Whilst Chinese Copyright Law reflects Copyright Law in the West, the ongoing prevalence of the "culture of the copy" in contemporary China reveals the complex nature of the friction between what different cultures understand as the perceived value of a creative work. For example, the Chongqing 22nd Century building is not a direct indexical copy of the Hadid’s Wangjing SOHO. The similarity to the original presents the copy as a sibling, rather than a clone. This article has, in part, argued for a more nuanced understanding of the critical cultural identity embedded within all creative artifacts and an open debate about concepts of ‘idea’ ownership that may very well contradict the foundational keystones of Capitalism itself: the commodification of knowledge.

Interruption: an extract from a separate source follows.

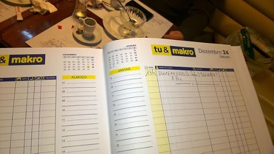 Este almoço deve estar a fazer (ou já fez, não sei) 20 anos de tradição e nós acreditamos que durará para sempre e que o último a morrer vai almoçar sozinho com as cadeiras dos outros todas disponíveis e ocupadas ao mesmo tempo. Nos últimos 15 anos, o almoço tem sido sempre na célebre Confeitaria Cunha, ali no gaveto Rua Sá da Bandeira - Rua Guedes de Azevedo, em frente à Capela de Fradelos e à vista do Silo Auto, no Porto. Nos últimos anos já ninguém telefona a ninguém. Pura e simplesmente aparecem, sentam-se, comem, conversam e dão-se os ossos ao tradicional aperto da amizade. Havia, contudo, um só acto que queríamos eliminar: a necessidade de alguém ligar para a Cunha a reservar mesa. Ora, o ano passado, graças ao alto patrocínio da Makro (que há muitos anos fornece à Cunha as agendas especiais de restauração), foi-me entregue pela Sandra Paulo (chefona e mulher do terreno na dita Makro) a agenda de que eu seria núncio e portador. Este ano vai acontecer a mesma coisa. Ou seja, por uma vez, em vez de ser o comercial de campo a entregar esta agenda ao cliente Cunha, é o yours truly que a passará a levantar na Makro todos os anos e a entregará ao chefe de sala da Cunha que, como fez o ano passado, marcará imediatamente o almoço do ano seguinte. O ano passado levei a de 2016 e foi inscrito o almoço deste ano, como podem ver na foto junta. Este ano levarei a de 2017. Assim os escafandros só têm de fazer uma coisa: aparecer. E será assim até ao último que de nós morra, o tal que almoçará sozinho (mas nunca desacompanhado) numa mesa de oito. Podia terminar com aquele cliché do "enquanto cá andarmos todos é que é bonito", mas não. De facto, a maioria destas histórias, a nossa e outras parecidas, que se vêm extinguindo com os anos e já quase só existem nas lendas, continuam a ficar à tona como os últimos sinais de humanidade de uma sociedade iluminada por automatismos e máquinas e eficácia e ceo's. Os Escafandros não. Os Escafandros nunca. Os Escafandros são umas bestas, mas aparecem. Deixem-nos estar assim. Obrigado, Sandra Paulo e Makro e Cunha, por não serem automáticos. E até sempre.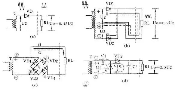 半波整流电路只需一个二极管,见图 2 ( a )。在交流电正半周时 VD 导通,负半周时 VD 截止,负载 R 上得到的是脉动的直流电

The Chinese actively dwell in a pluralist postmodern milieu of hyper-real surfaces, images, and simulated environments. Contemporary China has, in the past, fashioned itself as a simulacra of other cultures’ cultural production. However, Chinese attitudes to this trend are shifting. At a literary symposium in 2014, President Xi Jinping (習近平) called for an end to the “strange looking buildings” being built across China. Xi’s aim was to engender a greater sense of inclusive Chinese-ness. More than simply an assemblage of familiar tropes appropriated from the West, this article echoes Xi’s call for a Chinese identity freed from the postmodern mish-mash of western aesthetics. Through such a critical recasting of the cultural value of copying in China, the aesthetic character of the copy thus transforms from the reductive category of the kitsch, to a purveyor of more pronounced cultural symbolism, meaning, and Chinese identity.